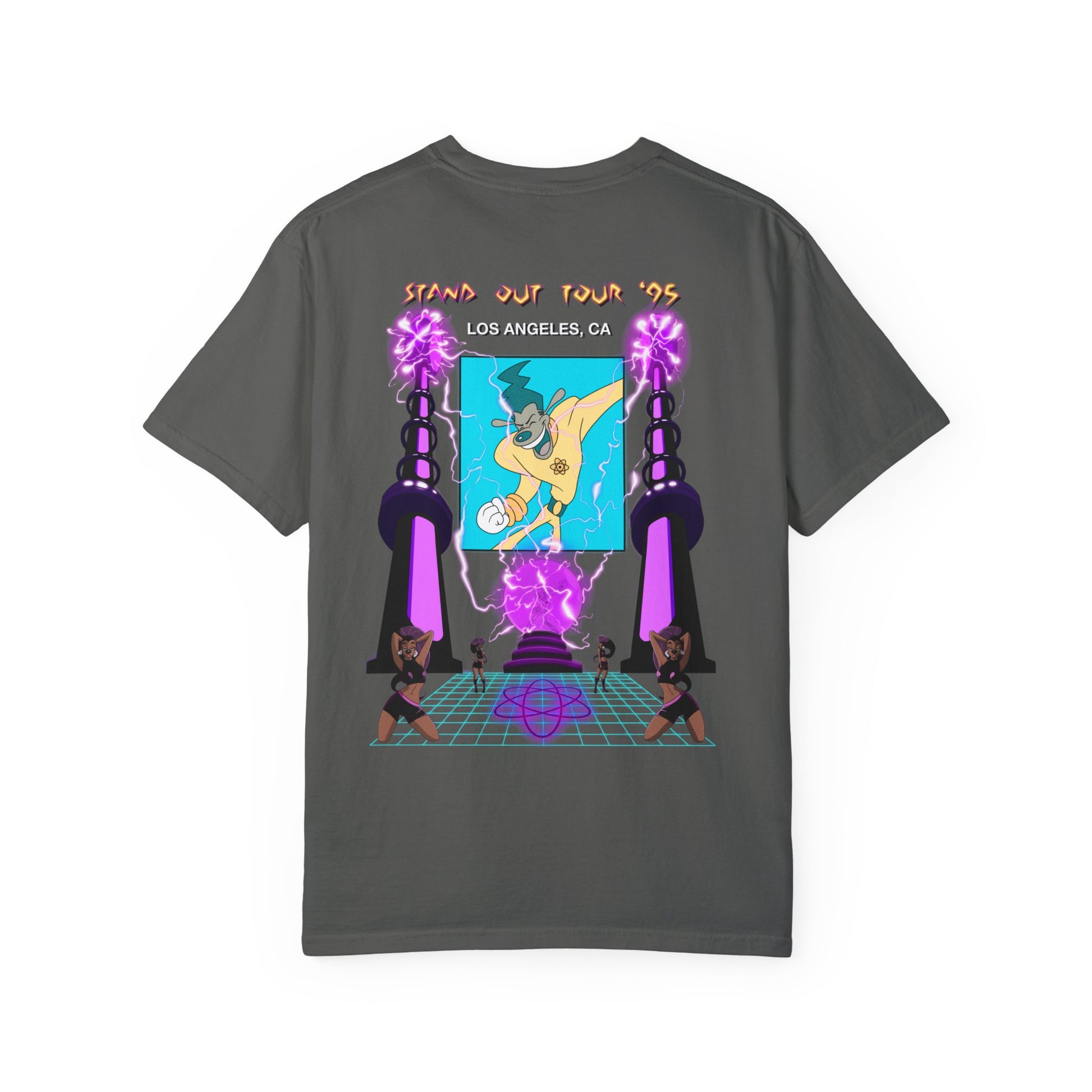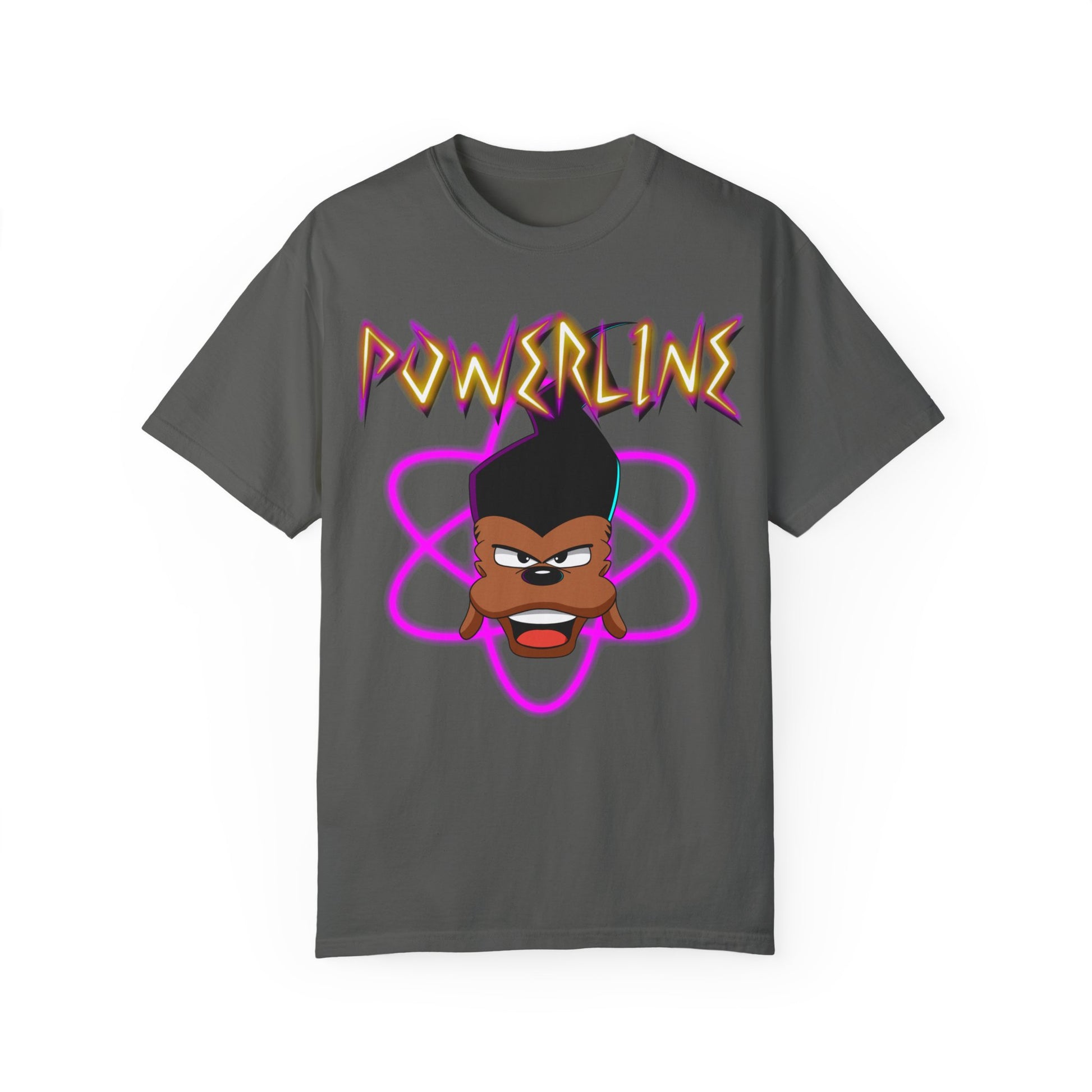 Relive '90s magic with this Power Line concert tee! Inspired by the iconic Goofy Movie, it features Power Line's electrifying stage presence and classic design. Perfect for nostalgic adults, this shirt captures the fun and energy of the fictional pop star that defined a generation.
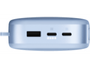 • Charger l'image dans la galerie, Une batterie externe bleu clair avec deux ports en haut et un cadre argenté.
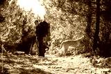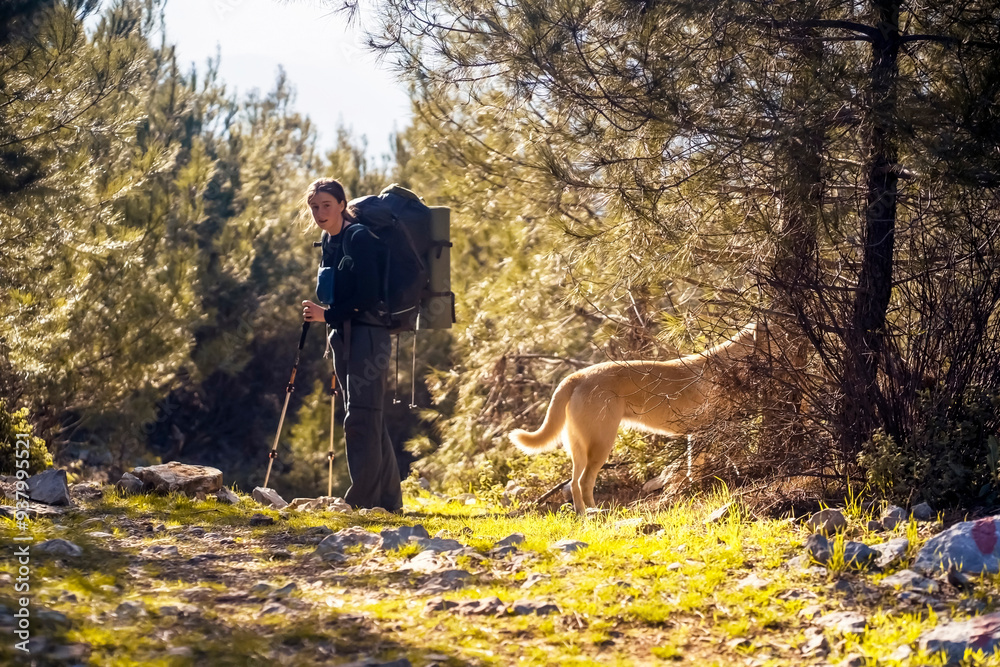 A young girl with a backpack and hiking equipment, with trekking poles, walks along the trail in the mountains and forest at sunset. A traveler with her dog walks through the national park.
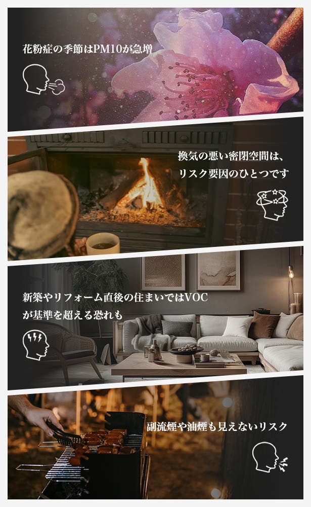 空気中に潜むリスクを見える化し、あなたと家族の呼吸をしっかり守ります。
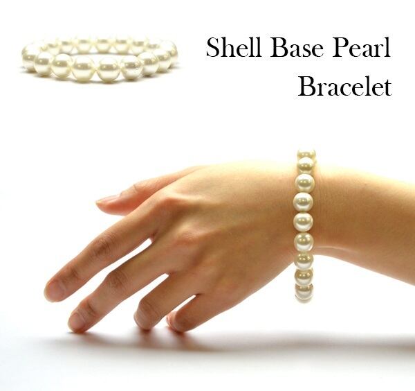 ■ご入金確認後、4~6営業日以内に発送いたします。■うるんとした艶が美しい、上質シェルパールのブレスレットで♪結婚式や式典など、慶びのお席に欠かせないパールアクセサリー。こちらに使用している「シェルパール」は、数ある人工真珠の中でも本真珠に引けをとらない高いクオリティ、コストパフォーマンスを誇ります。こちらのシェルパールは養殖真珠と同じように「天然貝」を核としてその上に幾度もパールエッセンスを重ねて作られています。真珠特有の、内から輝くような強い光沢がお肌映りをパッと明るく!本真珠のように汗や化粧品の付着ですぐ劣化してしまうこともないので、特別なお手入れをしなくても、ながくお使い頂ける利点もあります。【サイズ・素材】内周:約16cm 玉サイズ:8mm シェルパール 貝パール ※商品画像の色が見る環境によって現物と異なる場合があります。
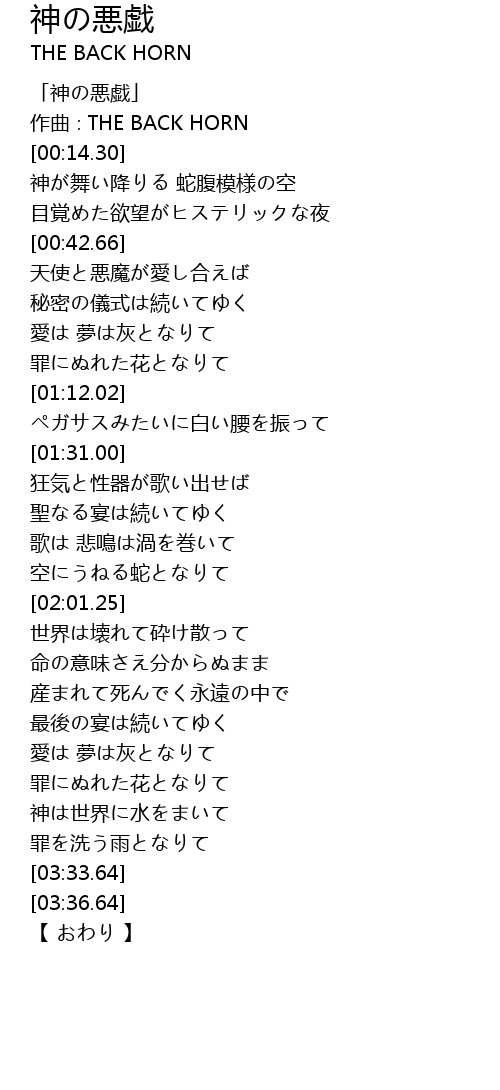 | [00:07.30] | 作曲∶THE BACK HORN |
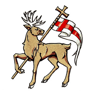 Badge of The Faculty of Divinity of the University of Trinity CollegeBlazonA stag trippant reguardant Or attired and unguled Argent supporting with the dexter foreleg a staff terminating in a cross Or flying therefrom a pennon Argent charged with a cross Gules; SymbolismThe first badge is patterned after the Agnus Dei, a Christian symbol of a lamb bearing a cross and banner, but uses instead the stag from the arms. The flag serves to denote “bearing Christ” but in this particular form is also an historical reference to the flag of the Church of England and thus to Anglicanism. |
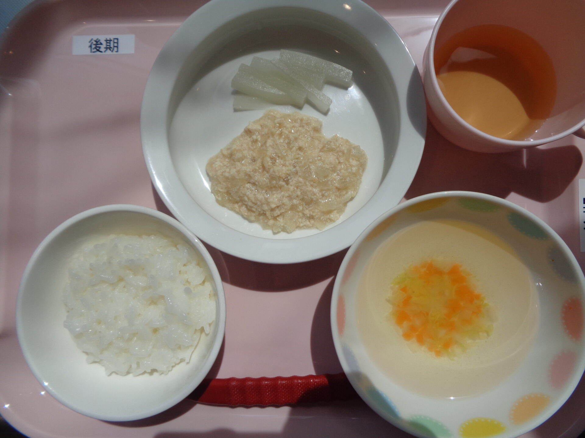【離乳食・後期】 軟飯・鶏肉のみそ煮・大根スティック・白菜のすまし汁
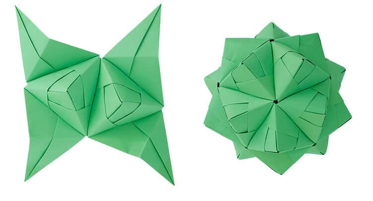 Bereits 1960 Entwickelte Mitsunobu Sonobe diese Falttechnik: Aus vielen gefalteten Papierquadraten lassen sich auf diese Weise fantastische 3-D-Objekte bauen.
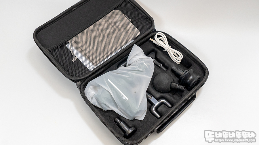 제품의 구성으로는 충전 케이블 (아답터는 미제공), 사용 설명서, 벨벳 파우치, 6개 마사지 헤드( 플랫, U, 타워, 라운드 볼, 스크래처, 원뿔)로 구성되어 있으며 아쉽게도 전원 아답터는 제공하지 않습니다.
......
GOAL OF THE EXERCISE :: Reproduce precisely the lines of the listing above, from the line containing "Bereits 1960 Entwickelte" to the last line, both ends included. Pictures are to be omitted.

RESPONSE ::
 Bereits 1960 Entwickelte Mitsunobu Sonobe diese Falttechnik: Aus vielen gefalteten Papierquadraten lassen sich auf diese Weise fantastische 3-D-Objekte bauen.
 제품의 구성으로는 충전 케이블 (아답터는 미제공), 사용 설명서, 벨벳 파우치, 6개 마사지 헤드( 플랫, U, 타워, 라운드 볼, 스크래처, 원뿔)로 구성되어 있으며 아쉽게도 전원 아답터는 제공하지 않습니다.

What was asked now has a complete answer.